Cela dit, en cette semaine nationale de prévention du suicide qui commence demain, je pense qu'il est important de parler de ces signaux d'alarme.  On ne se suicide pas parce qu'on fait une déprime hivernale ou même une dépression plus sévère, mais oui, ça peut mener jusque-là selon la perception qu'on a de ses problèmes et de l'intensité de sa souffrance, surtout si on a pas de soutien. La campagne de l'Association québécoise de prévention du suicide met en vedette plusieurs personnalités ainsi que Julie Philippon, une mère blogueuse que j'admire beaucoup.  Je vous encourage à écouter son témoignage très touchant sur la thématique Le suicide n'est pas une option.



Les facteurs qui prédisposent et contribuent à prendre cette décision fatale sont multiples, mais la santé mentale en est souvent au coeur. Au Québec, la mortalité par suicide emporte un peu plus de 1 000 personnes par année, soit trois personnes par jour. Chez les femmes, celles âgées de 35 à 49 ans et de 50 à 64 ans présentent les taux de suicide les plus élevés (respectivement 10,0 et 9,9 décès par 100 000), selon l'Institut national de santé publique du Québec.

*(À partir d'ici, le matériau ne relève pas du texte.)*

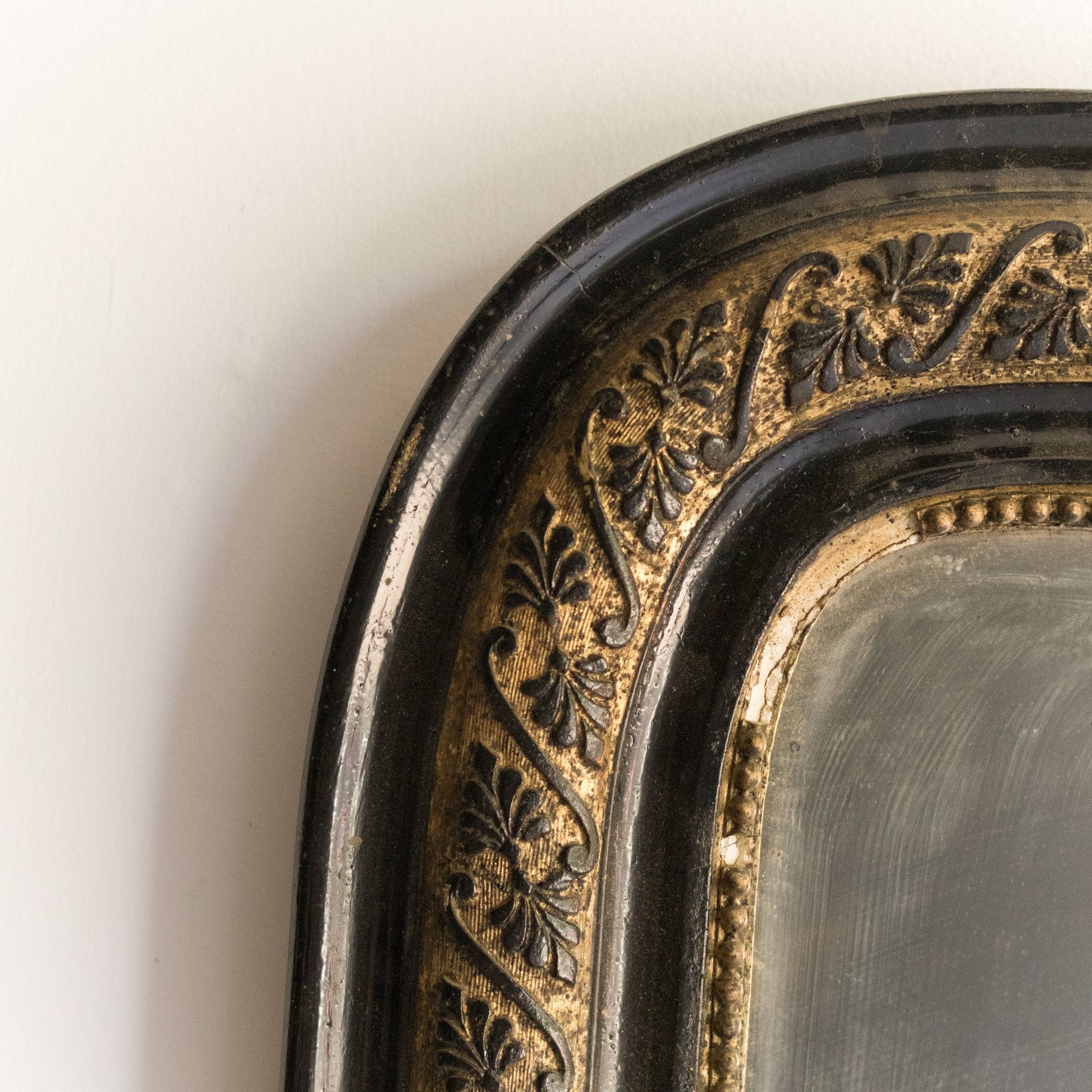 - Miroir vintage en verre avec vieillissement naturel appelé foxing.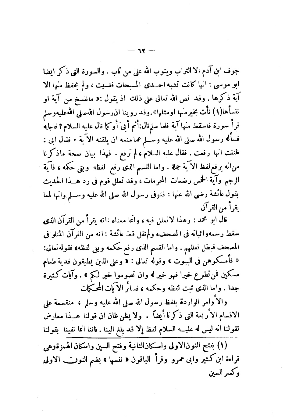 ولم يحفظ منها إلا آية ذكرها وقد نص الله تعالى على ذلك إذ يقول {ما ننسخ من آية أو ننسها نأت بخير منها أو مثلها ألم تعلم أن لله على كل شيء قدير} وقد روينا أن رسول الله صلى الله عليه وسلم قرأ سورة فأسقط منها آية فلما سلم قال أثم أبي أو كما قال عليه السلام فأجابه فسأله رسول الله صلى الله عليه وسلم عما منعه أن يلقنه الآية فقال أبي ظننت أنها رفعت فقال عليه السلام لم ترفع فهذا بيان صحة ما ذكرنا من أنه يرفع لفظ الآية جملة وأما القسم الذي رفع لفظه وبقي حكمه فآية الرجم وآية الخمس رضعات المحرمات وقد تعلل قوم في رد هذا الحديث بقول عائشة رضي الله عنها فتوفي رسول الله صلى الله عليه وسلم وأنهما لمما يقرأ من القرآن قال أبو محمد وهذا لا تعلل فيه وإنما معناه أنه يقرأ من القرآن الذي سقط رسمه وإثباته في المصحف ولم تقل قط عائشة إنه من القرآن المتلو في المصحف فبطل تعللهم وأما القسم الذي رفع حكمه وبقي لفظه فقوله تعالى {وللاتي يأتين لفاحشة من نسآئكم فستشهدوا عليهن أربعة منكم فإن شهدوا فأمسكوهن في لبيوت حتى يتوفاهن لموت أو يجعل لله لهن سبيلا} وقوله تعالى {أياما معدودات فمن كان منكم مريضا أو على سفر فعدة من أيام أخر وعلى لذين يطيقونه فدية طعام مسكين فمن تطوع خيرا فهو خير له وأن تصوموا خير لكم إن كنتم تعلمون} وآيات كثيرة جدا وأما الذي ثبت لفظه وحكمه فسائر الآيات المحكمات والأوامر الواردة بأمر رسول الله صلى الله عليه وسلم منقسمة على الأقسام الأربعة التي ذكرنا أيضا ولا يظن ظان أن قولنا هذا معارض لقولنا إنه ليس له عليه السلام لفظ إلا قد بلغ إلينا فإننا إنما نفينا بقولنا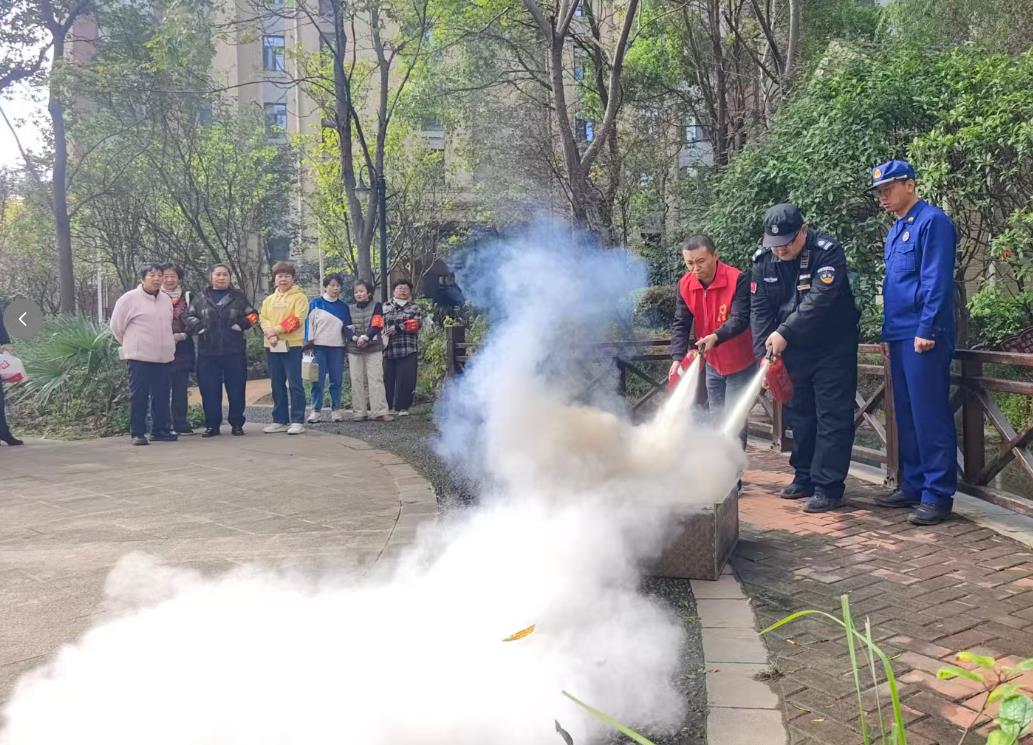 接着陈队长带领大家至小区东门主会场,针对灭火器这一最常见的消防器材,重点演示了干粉灭火器的正确使用方法,详细讲解“提、拔、握、压”四步操作流程。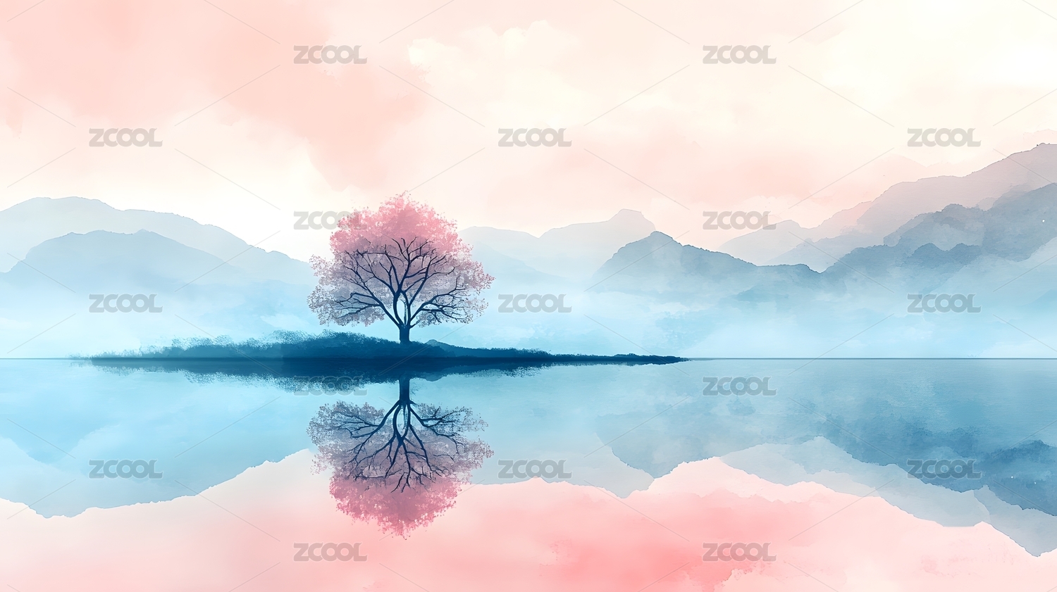 粉色树与倒影的风景

Si je parle de ce sujet, c'est parce que je sais qu'il y a bien des parents qui vivent des moments difficiles et qui ne sont pas toujours assez bien entourés pour trouver du soutien.  Oui, les ressources manquent pour venir en aide aux parents en détresse et le sentiment d'isolement peut facilement nous gagner. Ou parfois, les tabous, la gêne, la peur d'être jugé nous retiennent.  Une déprime hivernale n'est en rien comparable à une dépression grave, mais il faut porter attention aux symptômes qui nous habitent. Ce qui peut paraître anodin un jour peut s’aggraver le suivant.  Et si des idées noires surgissent, je vous encourage à en parler.  Vous n'êtes pas seuls, ça arrive à bien du monde.

Semaine nationale de prévention du suicide

Si vous vous sentez en détresse - ou pour soutenir une personne de votre entourage qui pourrait l'être - appelez la ligne d'aide : 1 866 APPELLE (277-3553)

Pour les parents qui auraient besoin d'un moment de répit urgent, la Maison Kangourou pourrait vous aider à reprendre le dessus.   La Maison Kangourou offre des services d’urgence et de première ligne en matière d’hébergement pour les enfants dont les familles vivent une situation difficile passagère telle que : relationnelle (divorce, séparation), santé (épuisement, fatigue extrême, annonce, verdict d’une maladie grave, perte d’un être cher), situationnelle (convocation à l’extérieur dans le cadre d’un emploi), économique (perte d’emploi), etc.

Pour vous renseigner sur la dépression, je vous invite à consulter le site La dépression fait mal. 

Faut en parler.  On est souvent bien moins seuls qu'on ne le croit.